After a hotly debated referendum that has gripped all corners of the world, the UK is to leave the European Union. Supporters of Brexit shared a number of reasons for the UK to go alone, and cited differing opinions on the economy, employment, immigration policies and consumer affairs than supporters in the remain camp. Brexit supporters believe that relieving themselves from the EU will free them of burdening regulations, help control immigration and ultimately create more jobs.
There have already been immediate effects of Brexit including the plummeting of the pound, the lowest it has been since 1985, along with the decline in the FTSE. Plus the recent stepping down of Prime Minister David Cameron has shocked the world.
In the midst of this historic whirlwind taking place, we can’t help but question what will happen to the property market – specifically for South East Asia.
Director of Cornerstone International Properties, Virata Thaivasigamony, commented that Brexit could be considered as a silver lining for overseas property investors, as a weak pound creates more opportunities in terms of currency exchange rates.

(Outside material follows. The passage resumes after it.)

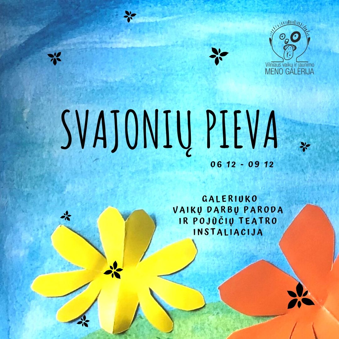 SVAJONIŲ PIEVA kviečia kūrybiškai pažvelgti, pajusti ar išgirsti lauko pievą. Prisėsti ir pasvajoti, stebėti pievos gyvenimą, užuosti jos kvapus ir išgirsti garsus. Prigulti ir pajusti žolės stiebelius šiurenantį vėją bei žaidžiančius saulės spindulius. Netikėtai aptikti paunksmėje čiurlenantį upelį, jo atspindžius danguje. O tarsi pievos horizonte matomi miražai vaizduotę kurstys mažųjų kūrėjų darbeliai.

Not to mention parents who send their children to the UK for university will also save on tuition fees. Nevertheless, British property will remain attractive to high-net-worth buyers, a sentiment that is echoed by property firms Knight Frank, Savills and Jones Lang LaSalle.
Questions continue to arise and changes, if any, for the property market are expected to be slow. Whilst it is remains that investors wanting to enter the UK market should carry out their due diligence, it cannot be ignored the opportunity to invest in UK property is at a historically low rate.